Data entries:
+-------+
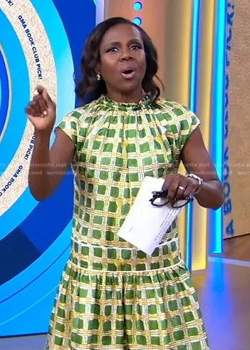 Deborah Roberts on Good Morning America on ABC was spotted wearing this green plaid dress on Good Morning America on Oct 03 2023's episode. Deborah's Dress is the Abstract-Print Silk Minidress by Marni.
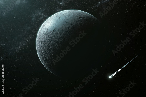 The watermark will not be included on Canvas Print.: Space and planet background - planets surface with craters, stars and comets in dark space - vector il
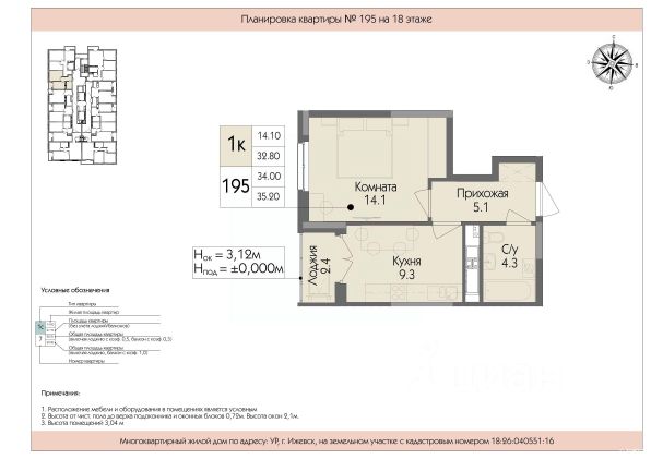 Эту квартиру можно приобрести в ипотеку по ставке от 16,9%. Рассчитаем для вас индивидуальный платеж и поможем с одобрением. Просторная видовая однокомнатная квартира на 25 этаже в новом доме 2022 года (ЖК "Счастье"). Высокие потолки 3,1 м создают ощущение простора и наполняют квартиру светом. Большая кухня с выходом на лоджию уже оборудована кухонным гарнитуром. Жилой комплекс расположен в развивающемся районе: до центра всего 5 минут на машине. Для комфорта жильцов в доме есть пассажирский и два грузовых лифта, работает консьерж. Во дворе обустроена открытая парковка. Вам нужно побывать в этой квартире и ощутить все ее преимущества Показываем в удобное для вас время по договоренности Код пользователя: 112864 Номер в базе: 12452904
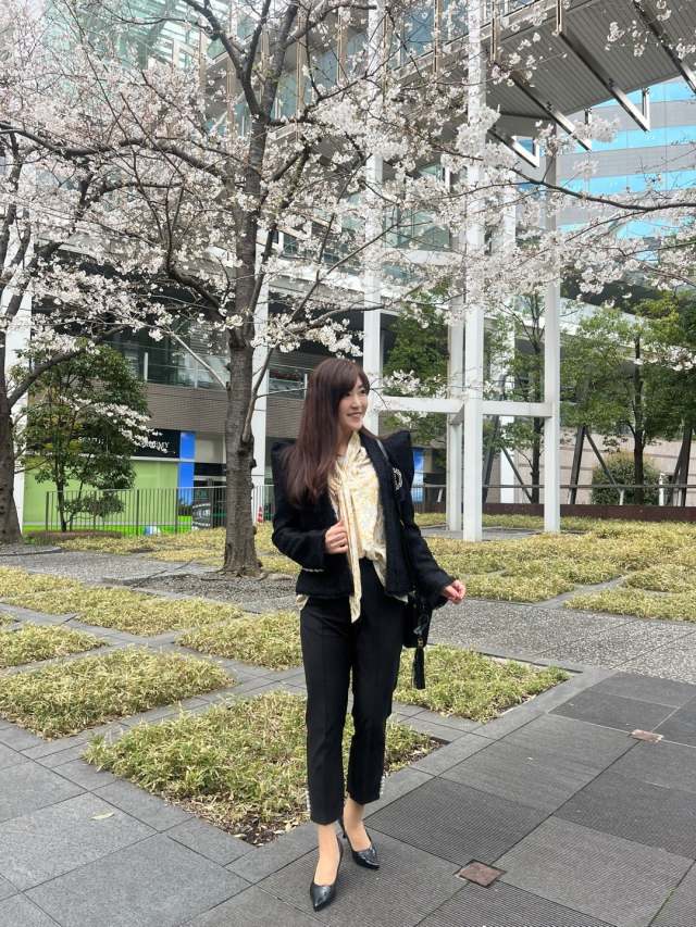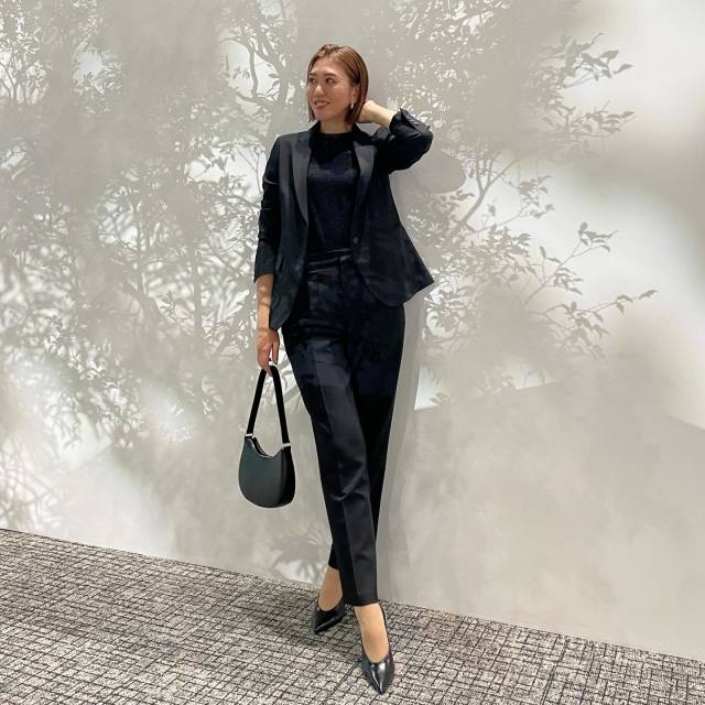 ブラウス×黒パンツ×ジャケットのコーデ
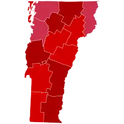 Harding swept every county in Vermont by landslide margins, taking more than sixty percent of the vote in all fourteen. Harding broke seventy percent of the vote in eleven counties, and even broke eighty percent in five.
+-------+
_Your instructions:_
Above are the entries; write them out again exactly, omitting the pictures.

_Solved exercise:_
 Deborah Roberts on Good Morning America on ABC was spotted wearing this green plaid dress on Good Morning America on Oct 03 2023's episode. Deborah's Dress is the Abstract-Print Silk Minidress by Marni.
 The watermark will not be included on Canvas Print.: Space and planet background - planets surface with craters, stars and comets in dark space - vector il
 Эту квартиру можно приобрести в ипотеку по ставке от 16,9%. Рассчитаем для вас индивидуальный платеж и поможем с одобрением. Просторная видовая однокомнатная квартира на 25 этаже в новом доме 2022 года (ЖК "Счастье"). Высокие потолки 3,1 м создают ощущение простора и наполняют квартиру светом. Большая кухня с выходом на лоджию уже оборудована кухонным гарнитуром. Жилой комплекс расположен в развивающемся районе: до центра всего 5 минут на машине. Для комфорта жильцов в доме есть пассажирский и два грузовых лифта, работает консьерж. Во дворе обустроена открытая парковка. Вам нужно побывать в этой квартире и ощутить все ее преимущества Показываем в удобное для вас время по договоренности Код пользователя: 112864 Номер в базе: 12452904
 ブラウス×黒パンツ×ジャケットのコーデ
 Harding swept every county in Vermont by landslide margins, taking more than sixty percent of the vote in all fourteen. Harding broke seventy percent of the vote in eleven counties, and even broke eighty percent in five.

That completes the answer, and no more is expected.